United States v. Davis is retroactive
John
Franklin made a motion for authorization to file a second or successive motion
to vacate, set aside, or correct his sentence under 28 U.S.C. § 2255. In re: John W. Franklin. Mr. Franklin argued
that his conviction under 18 U.S.C. § 924(c) should be vacated because his
arson conviction (18 U.S.C. § 844(i)) no longer qualified as a crime of
violence in light of United States v.
Davis, 139 S.Ct. 2319 (2019). The government agreed that Mr. Franklin’s
motion should be granted because Davis
announced a new rule of constitutional law that retroactively applied to cases
on collateral review.
In a per curiam opinion, the Sixth Circuit
observed that Davis established a
“new rule” of constitutional law because its result was not dictated by
precedent that existed when Mr. Franklin’s conviction became final. Lower
courts usually do not apply a new rule announced by the Supreme Court
retroactively to cases on collateral review until the Court has announced the
rule’s retroactive effect. But there is a narrow exception which provides that lower
courts “may determine on their own the retroactivity of new rules when multiple
cases ... necessarily dictate the retroactivity of the new rule.” Slip Op. 2
(citation omitted).
Mr. Franklin’s
case fell within that exception. The Sixth Circuit explained that Welch v. United States, 136 S.Ct. 1257
(2016), established Davis’s
retroactivity because Davis announced
a new substantive rule that narrowed the range of conduct punishable by law.

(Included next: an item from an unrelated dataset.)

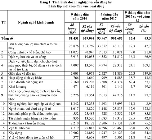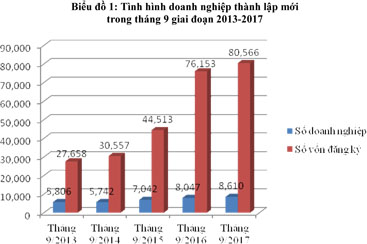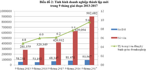 Tính chung 9 tháng đầu năm 2017, cả nước có thêm 93.967 doanh nghiệp thành lập mới với số vốn đăng ký là 902.682 tỷ đồng, tăng 15,4% về số doanh nghiệp và tăng 43,5% về số vốn đăng ký so với cùng kỳ năm 2016. Tỷ trọng vốn đăng ký bình quân trên một doanh nghiệp trong 9 tháng đầu năm 2017 đạt 9,6 tỷ đồng, tăng 24,4% so với cùng kỳ năm trước.

More specifically, Davis narrowed the
scope of 18 U.S.C. § 924(c)(3) by concluding that its residual clause (§
924(c)(3)(B)) is unconstitutionally vague.
The Sixth
Circuit further explained that arson under § 844(i) does not appear to qualify
as a crime of violence under the elements - force clause of § 924(c)(3)(A)
because it can be committed against “any building … used in interstate or
foreign commerce,” including one owned by the arsonist. That meant Mr. Franklin’s
conviction must have been based on § 924(c)(3)(B)’s residual clause which Davis invalidated and his proposed §
2255 petition relies on Davis’s rule.
Consequently, Mr. Franklin’s motion for authorization to file a second or
successive § 2255 motion was granted.